How Many Sick Days Should You Give?

How Many Sick Days Should You Give?

According to the U.S. Department of Labor, the average number of paid sick days is 8 for any employee of at least a year and 11 for an employee with 25 years’ experience with the company.

SurePayroll recently surveyed small business owners nationwide, asking them how many paid sick days they give employees. Here’s what they said:

  • Less than 5 days: 80 (30% of respondents)
  • 5 days: 42 (15.7% of respondents)
  • 6 – 10 days: 37 (13.9% of respondents)
  • Unlimited: 23 (8.6% of respondents)
  • No sick days, only paid time off: 85 (31.8% of respondents)

Still, for many companies, it is a vexing question, with practical, moral and financial implications: How many paid sick days should you give employees?

On one hand, from a financial standpoint, an employer is under no obligation to provide paid sick days. Companies subject to the Family and Medical Leave Act (FMLA) are required to provide up to 12 weeks unpaid leave for certain medical situations to employees and their immediate family.

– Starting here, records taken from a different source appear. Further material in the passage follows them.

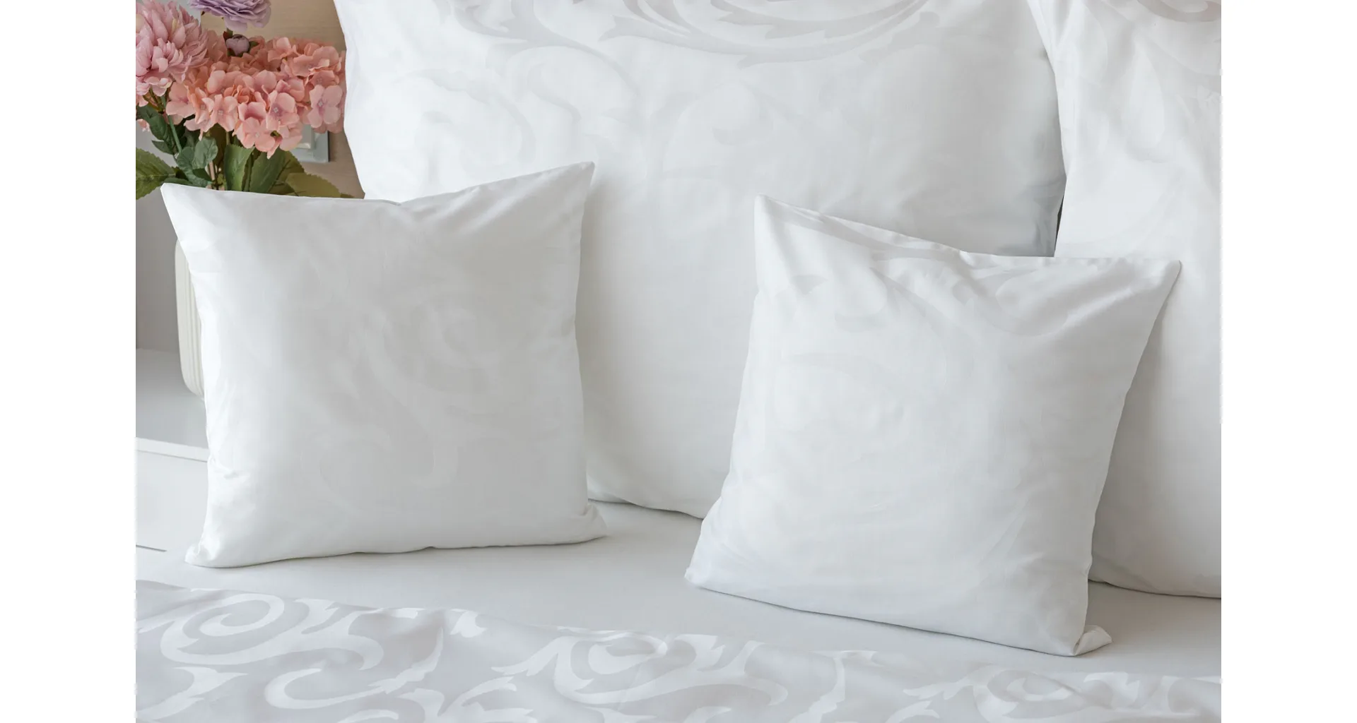 Jednofarebná obliečka na vankúš v prevedení damašek s vytkaným žakárovým vzorom. Obliečka je opatrená komfortným zipsovým uzáverom.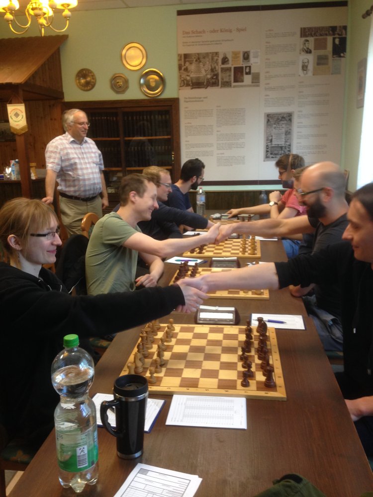 30.01.17: Löberitz war am Wochenende Gastgeber für die Vorrunde im Deutschen Mannschaftspokal. Mit 1,5:2,5 scheiterten wir dabei knapp an der Oberliga-Konkurrenz aus Leipzig. Nico und Sebi hatten mit Sieg und Remis für Berliner Rückenwind gesorgt, den Christian S. und Norman leider nicht nutzen konnten. Lübbenau setzte sich im Parallelkampf nach Blitzentscheid gegen Oberschöneweide durch.Anderntags gewann die SG Leipzig auch gegen Lübbenau und steht in der Zwischenrunde.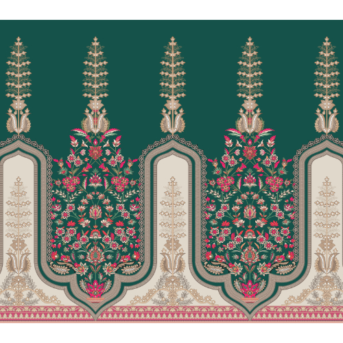 An elegant Mughal-inspired textile panel design featuring floral bouquets arranged within arched frames. The deep green background with pink, beige, and gold accents makes this print ideal for premium ethnic apparel and luxury fabrics.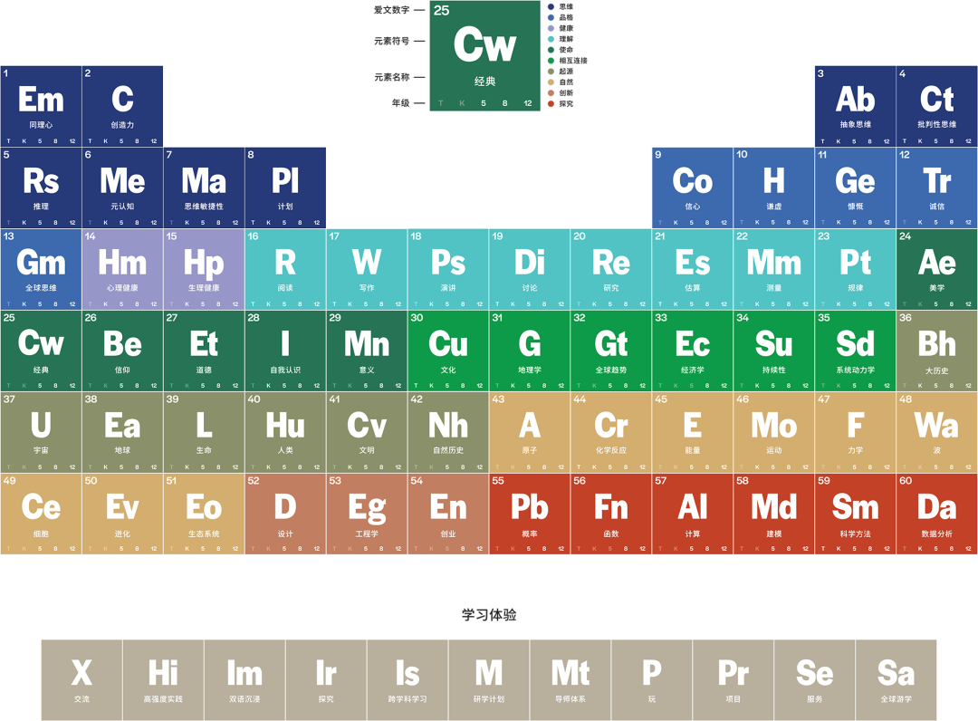 “爱文世界元素”注重激发学生建立事物间的联系,清晰地阐述了适用于爱文所有校区的核心教学目标。这一套目标定义和描述了爱文各个校区毕业生的基本学习成果,保证了不同校区在教学内容、教学方法等方面的高度一致性。这也保证了学生可以在不同的校区之间自由转换,汲取前沿教育滋养的同时,与当地校区快速融合。
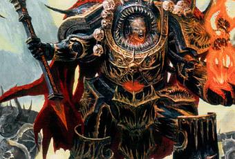 Los Marines Espaciales tienen desde siempre una iconografía muy marcada, y de entre ellos, los Marines del Caos, lo que han dado la espalda al Imperio y al Emperador, los que mas. Sus armaduras retorcidas, recubiertas de runas, pinchos, remaches, cuernos y toda clase de signos del favor de los Dioses de Caos. A lo largo de los años, unas tres décadas, la producción de ilustraciones sobre los Marines del Caos ha sido abundante y variada, con muchos buenos ejemplos, que en algunos casos se han convertido en figuras, ya sea por obra de GW o por sus aficionados.

However, other than that provision, a company may under law decline to provide paid sick leave and certainly may frown on workers who frequently take unpaid sick days.

Respondents to the SurePayroll survey said that they do face serious challenges when it comes to paid sick time:

“Need someone to fill in for the sick employee at an extra cost and still pay the employee that is sick, is like paying double time for half the work. Additionally, the business may suffer during that time because of decreased productivity that can affect consumer opinion of the company.”

Because a company can play a hard line on a sick days policy certainly doesn’t mean it is wise policy. Who wants to work for a company that offers no paid sick pay? Then there is the question of health and the spillover financial effects. According to CNN Money, the flu season is a prime example:

The U.S. Department of Labor deems that while providing sick days may seem expensive for employers, not giving them is also costly. The Centers for Disease Control estimates that even a typical flu season costs businesses about $10.4 billion in direct costs for hospitalizations and outpatient visits for adults. And that doesn’t even include the cost of lost productivity and sales that comes along with the disease.

So, therefore, providing paid sick days will keep some sick employees away from your healthy employees and limit the number of employees who miss days due to sickness. Some companies have gone so far as to implement an unlimited sick days policy.

Employers have recognized this undeniable fact and nearly 80 percent of full-time employees get paid sick days and 25 percent of part-time employees.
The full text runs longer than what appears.